Как всегда по пятницам, Борух был дома уже в половине седьмого, чтобы успеть привести себя в порядок и сходить в синагогу до захода солнца. Раздевшись по пояс, он долго и с удовольствием плескался во дворе у рукомойника, снял сапоги, надел чистую рубаху и основательно расположился за большим деревянные столом во дворе под навесом, разминая затёкшие ноги и предвкушая традиционный пятничный ужин — куриный суп с кнейдлехом, праздничную субботу c утренней молитвой в синагоге и чолнт к обеду. Тёплый летний вечер пьяняще пах свежим хлебом, медовым ароматом клевера и резковато-приторным запахом липы, легкий ветерок шелестел листьями старой вишни, а за забором поскуливала соседская собака. Так сидел бы и сидел, не двигаясь, наслаждаясь долгожданным покоем, разлитым в надвигающихся сумерках, крадущихся с высоты. Борух прислонился к каменной стене дома и задремал от усталости и разлитой в воздухе благодати.
— Борух, — трагический голос Хавы выдернул его из блаженного небытия. — Мне надо сказать тебе что-то важное. Только не волнуйся и выпей воды, — Хася подвинула к мужу кружку. — Твоя дочь нас опозорила.

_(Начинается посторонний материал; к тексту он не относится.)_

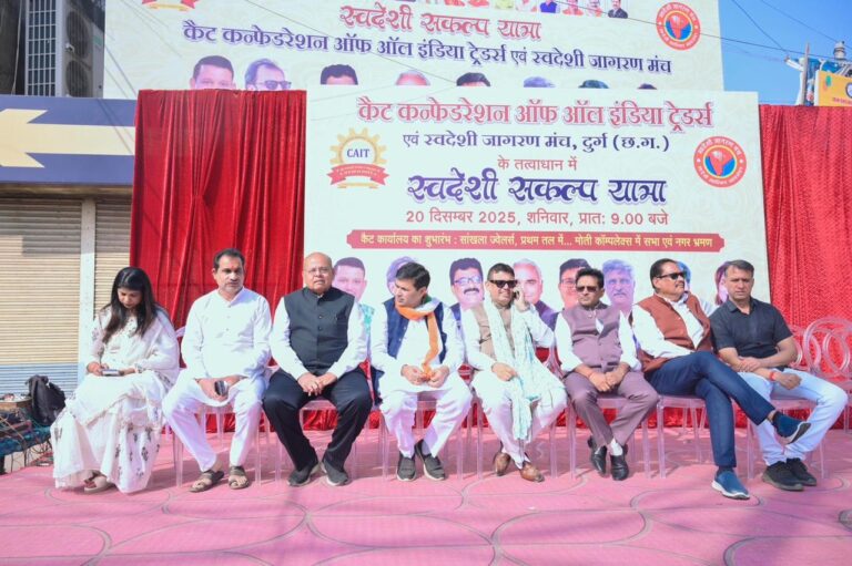 रायपुर (mediasaheb.com) | CAIT एवं स्वदेशी जागरण मंच के संयुक्त तत्वावधान में आयोजित स्वदेशी संकल्प यात्रा का शुभारंभ 27 नवम्बर 2025 को राजनांदगांव जिले से हुआ था, जो कि प्रदेष में लगभग 25 दिनों में 2500 किलोमीटर की यात्रा पूर्ण करते हुए 20 दिसम्बर 2025 को दुर्ग जिले में ऐतिहासिक एवं भव्य स्वागत के साथ सफलतापूर्वक संपन्न हुई।

— Она не довесила этой герутэне Гитл крупы в лавке? Или продала ей ржавую селёдку?- Борух зевнул и с хрустом потянулся.
— Что ты говоришь, Борух, наша Авива — честная девочка, — возмутилась Хася, но тут же поперхнулась. — Ты скоро станешь дедом.
— Нам ждать шадханов?- пробормотал Борух, нехотя возвращаясь в этот бренный мир. — Когда?
— Нет, Борух, — сказала Хася и сама выпила из чашки. — На сватах мы сэкономили. Мы можем сразу ждать внука. Или внучку. Но лучше внука, хоть он убережёт нас от сюрпризов.
— Хася, я тебя умоляю, — поморщился Борух. — Не говори загадками, Пурим ещё нескоро.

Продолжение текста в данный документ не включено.